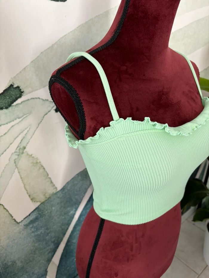 Top court Zara Vert Matière agréable Taille XS/S Neuf. Prix neuf : 9.95€ Pour voir mes autres articles pour femme : #femmeludi2607 N'hésitez pas à faire des lots ✨ Réduction dès 2 articles ✉️Pas de remise en main propre
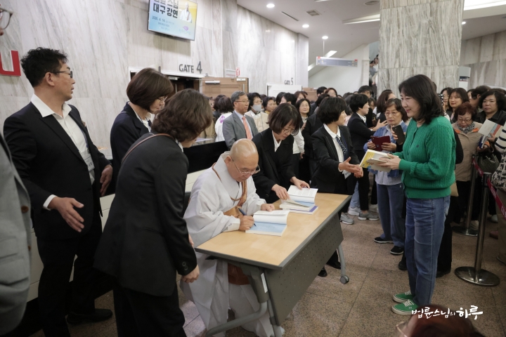 행복한 대화를 마치고 로비에서는 스님의 책 사인회가 펼쳐졌습니다. 스님 책에 사인받기 위해 많은 사람이 로비를 가득 메웠습니다.
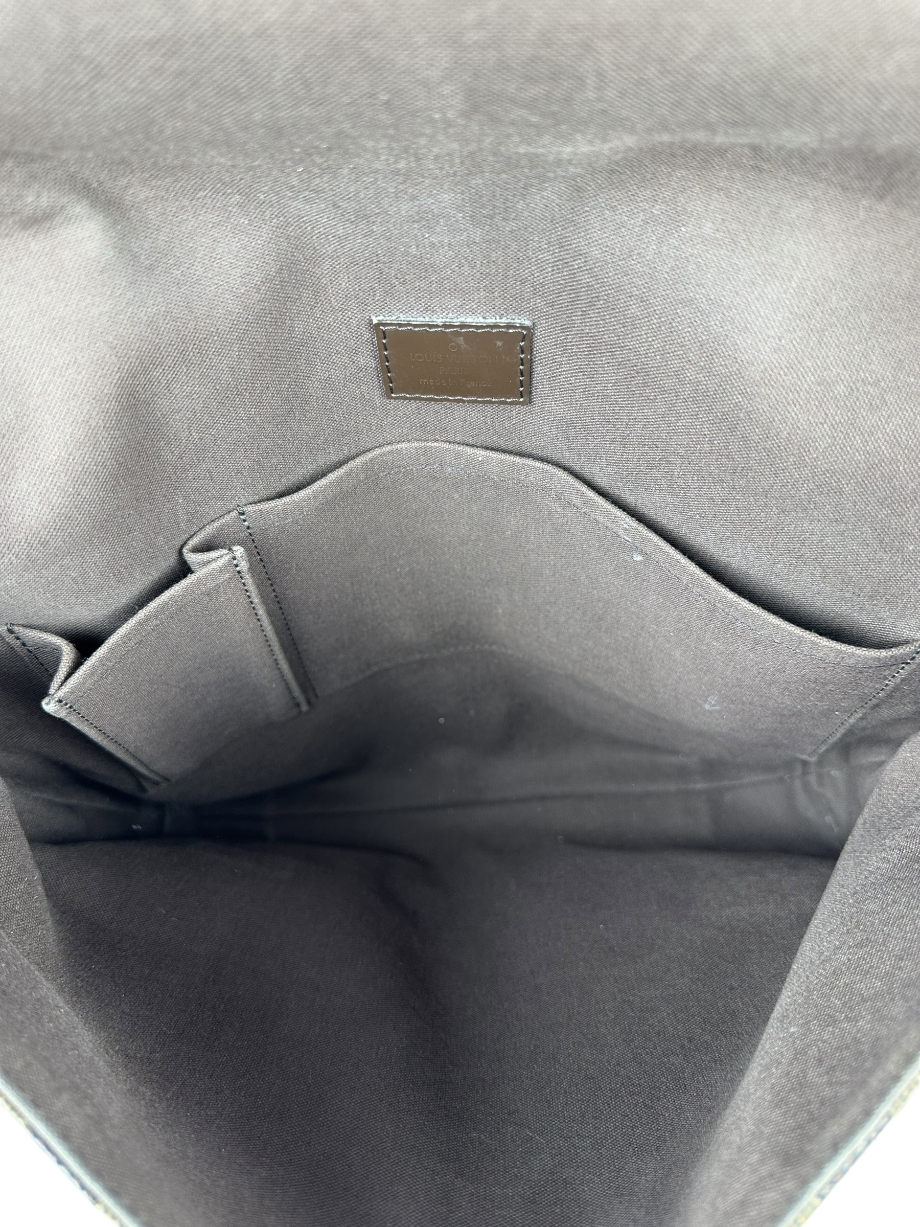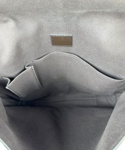 Presenti minimi segni di utilizzo sulla tracolla, su hardware e sulla placca esterna in pelle, mostrati nelle foto.
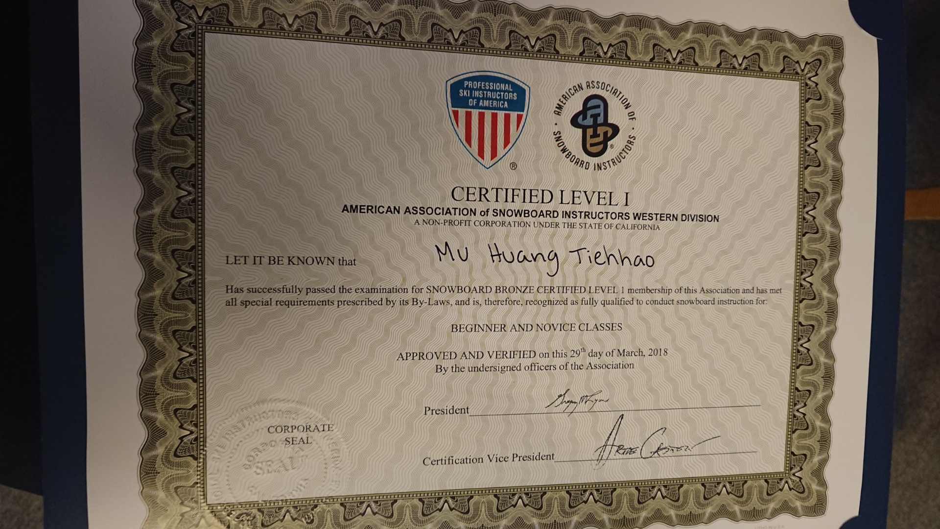 2018年取得了美國雪協(Professional Ski Instructors of America - American Association of Snowboard Instructors)AASI LV1 snowboard教練執照
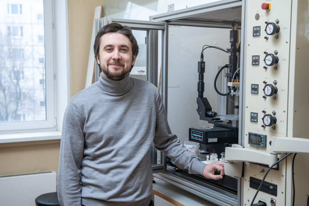 Дмитрий Ионов рядом с принтером для печати сенсорных материалов
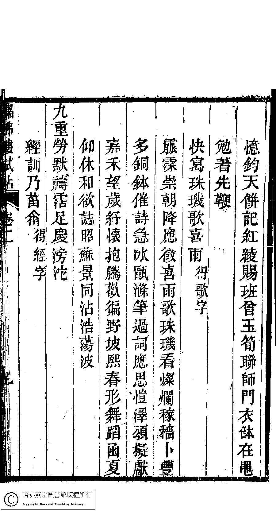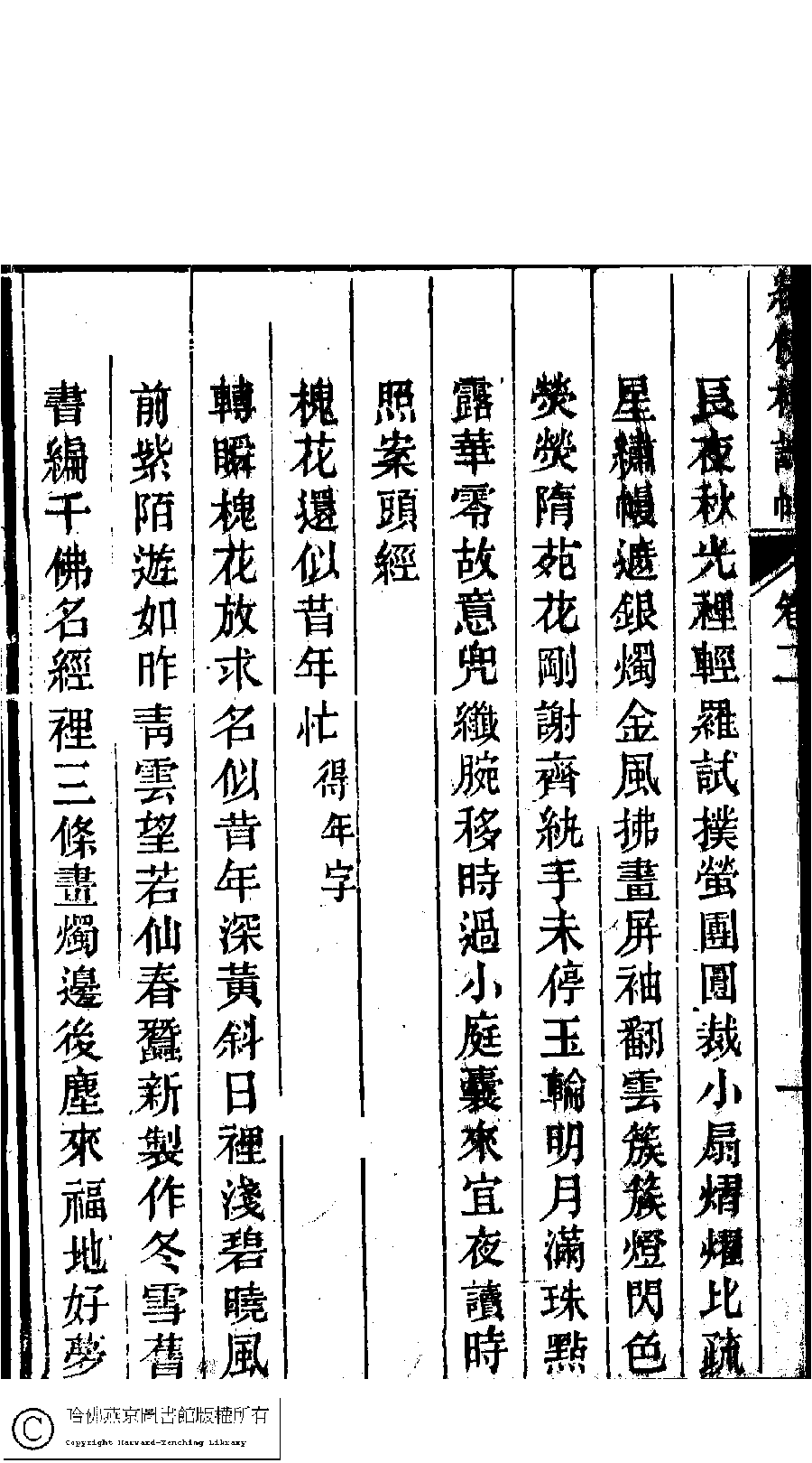 | (PRINT FRIENDLY VERSION) 繡佛樓詩稿﹕二卷(清錢守璞撰)。清同治八年(1869)刻本。 ![]() 頁碼 : 試帖2.2a | 点 击 放 大 | 繡佛樓詩稿﹕二卷(清錢守璞撰)。清同治八年(1869)刻本。![]() 頁碼 : 試帖2.1b | 点 击 放 大 | 返回 |
_____
Where a line contains "Дмитрий Ионов рядом", begin there and transcribe every line through the last one of the records above, exactly and with no pictures.

 Дмитрий Ионов рядом с принтером для печати сенсорных материалов
 | (PRINT FRIENDLY VERSION) 繡佛樓詩稿﹕二卷(清錢守璞撰)。清同治八年(1869)刻本。 ![]() 頁碼 : 試帖2.2a | 点 击 放 大 | 繡佛樓詩稿﹕二卷(清錢守璞撰)。清同治八年(1869)刻本。![]() 頁碼 : 試帖2.1b | 点 击 放 大 | 返回 |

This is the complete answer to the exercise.